● **Instructions for the task**
Copy all the data exactly, except the pictures.

● **Data section**
BEGIN

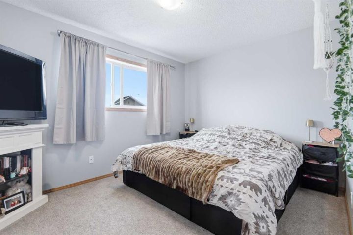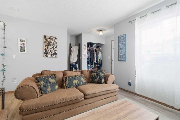 Welcome to this inviting three bedroom condo located in the desirable community of Johnstone crossing the perfect place to call home or add to your real estate portfolio. You’ll love the convenience of being close to shopping, parks, walking paths, and quick access to Highway 2, making it ideal for everyday living. Step inside and you’re greeted by a bright and comfortable living room featuring a large front window that fills the space with natural light. The vinyl plank flooring throughout the main level adds warmth and charm while being easy to maintain. Toward the back of the home, you’ll find a functional kitchen and dining area, perfect for hosting family dinners or casual get togethers. A convenient two piece bathroom and main floor laundry complete this level. Upstairs offers three well-sized bedrooms and a four piece main bathroom, providing plenty of space for a growing family or guests. Outside, you’ll appreciate two assigned parking stalls located directly in front of the unit a small but valuable feature that makes life that much easier. Whether you’re a first-time buyer, downsizer, or investor, this home offers excellent value in a great location.
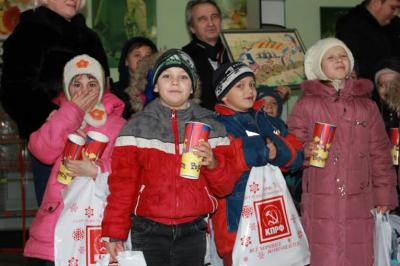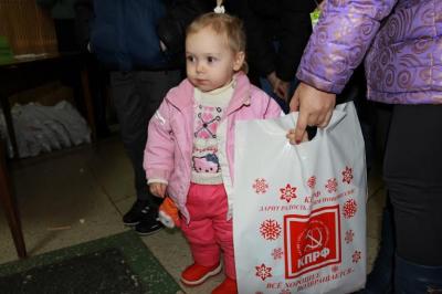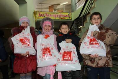 Благотворительную акцию «КПРФ дарит праздник детям Новороссии», инициированную Председателем ЦК Компартии Российской Федерации Геннадием Андреевичем Зюгановым, Первым заместителем Председателя ЦК КПРФ, первым вице-спикером Госдумы РФ Иваном Ивановичем Мельниковым, Заместителем Председателя ЦК КПРФ, Председателем Комитета Государственной Думы ФС РФ по природным ресурсам, природопользованию и экологиии, Руководителем Общероссийского штаба протестных действий, академиком РАСХН Владимиром Ивановичем Кашиным и привезли в Луганск и Донецк депутаты Государственной Думы РФ К.К. Тайсаев и В.Р. Родин 17 декабря.
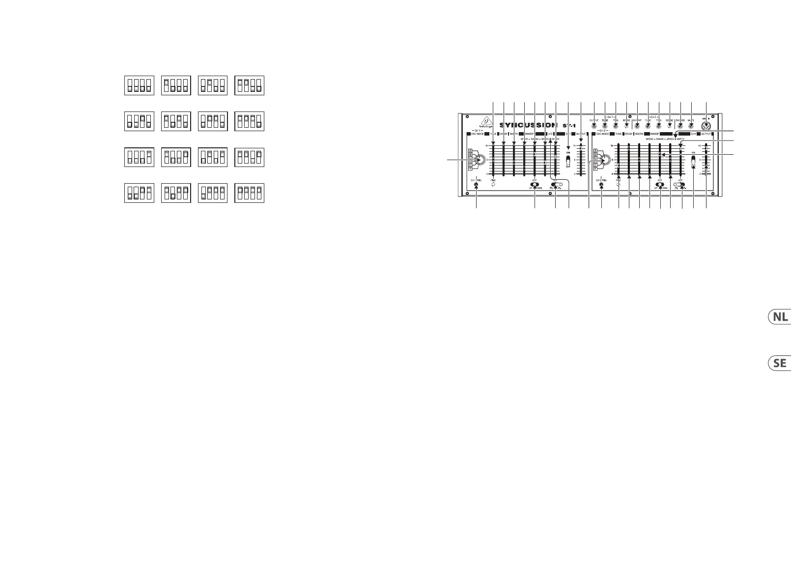 (42) (MIDI) CHANNEL – gebruik deze dipschakelaar om het MIDI-kanaal in te stellen (zie MIDI-bediening hieronder).
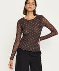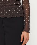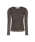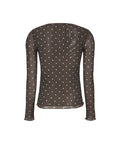 Soft Rebels Roselyn O-neck Top i Coffee Bean Dot er en feminin og legende style, der tilfører personlighed til din hverdagsgarderobe. Den klassiske O-hals og korte ærmer skaber et enkelt og flatterende snit, mens det fine prikkede print i varme kaffebrune nuancer giver et moderne og grafisk udtryk. Toppen er fremstillet i en blød og behagelig kvalitet, som føles let mod huden og gør den ideel til både arbejde og fritid.

END

● **Answer to this task**
 Welcome to this inviting three bedroom condo located in the desirable community of Johnstone crossing the perfect place to call home or add to your real estate portfolio. You’ll love the convenience of being close to shopping, parks, walking paths, and quick access to Highway 2, making it ideal for everyday living. Step inside and you’re greeted by a bright and comfortable living room featuring a large front window that fills the space with natural light. The vinyl plank flooring throughout the main level adds warmth and charm while being easy to maintain. Toward the back of the home, you’ll find a functional kitchen and dining area, perfect for hosting family dinners or casual get togethers. A convenient two piece bathroom and main floor laundry complete this level. Upstairs offers three well-sized bedrooms and a four piece main bathroom, providing plenty of space for a growing family or guests. Outside, you’ll appreciate two assigned parking stalls located directly in front of the unit a small but valuable feature that makes life that much easier. Whether you’re a first-time buyer, downsizer, or investor, this home offers excellent value in a great location.
 Благотворительную акцию «КПРФ дарит праздник детям Новороссии», инициированную Председателем ЦК Компартии Российской Федерации Геннадием Андреевичем Зюгановым, Первым заместителем Председателя ЦК КПРФ, первым вице-спикером Госдумы РФ Иваном Ивановичем Мельниковым, Заместителем Председателя ЦК КПРФ, Председателем Комитета Государственной Думы ФС РФ по природным ресурсам, природопользованию и экологиии, Руководителем Общероссийского штаба протестных действий, академиком РАСХН Владимиром Ивановичем Кашиным и привезли в Луганск и Донецк депутаты Государственной Думы РФ К.К. Тайсаев и В.Р. Родин 17 декабря.
 (42) (MIDI) CHANNEL – gebruik deze dipschakelaar om het MIDI-kanaal in te stellen (zie MIDI-bediening hieronder).
 Soft Rebels Roselyn O-neck Top i Coffee Bean Dot er en feminin og legende style, der tilfører personlighed til din hverdagsgarderobe. Den klassiske O-hals og korte ærmer skaber et enkelt og flatterende snit, mens det fine prikkede print i varme kaffebrune nuancer giver et moderne og grafisk udtryk. Toppen er fremstillet i en blød og behagelig kvalitet, som føles let mod huden og gør den ideel til både arbejde og fritid.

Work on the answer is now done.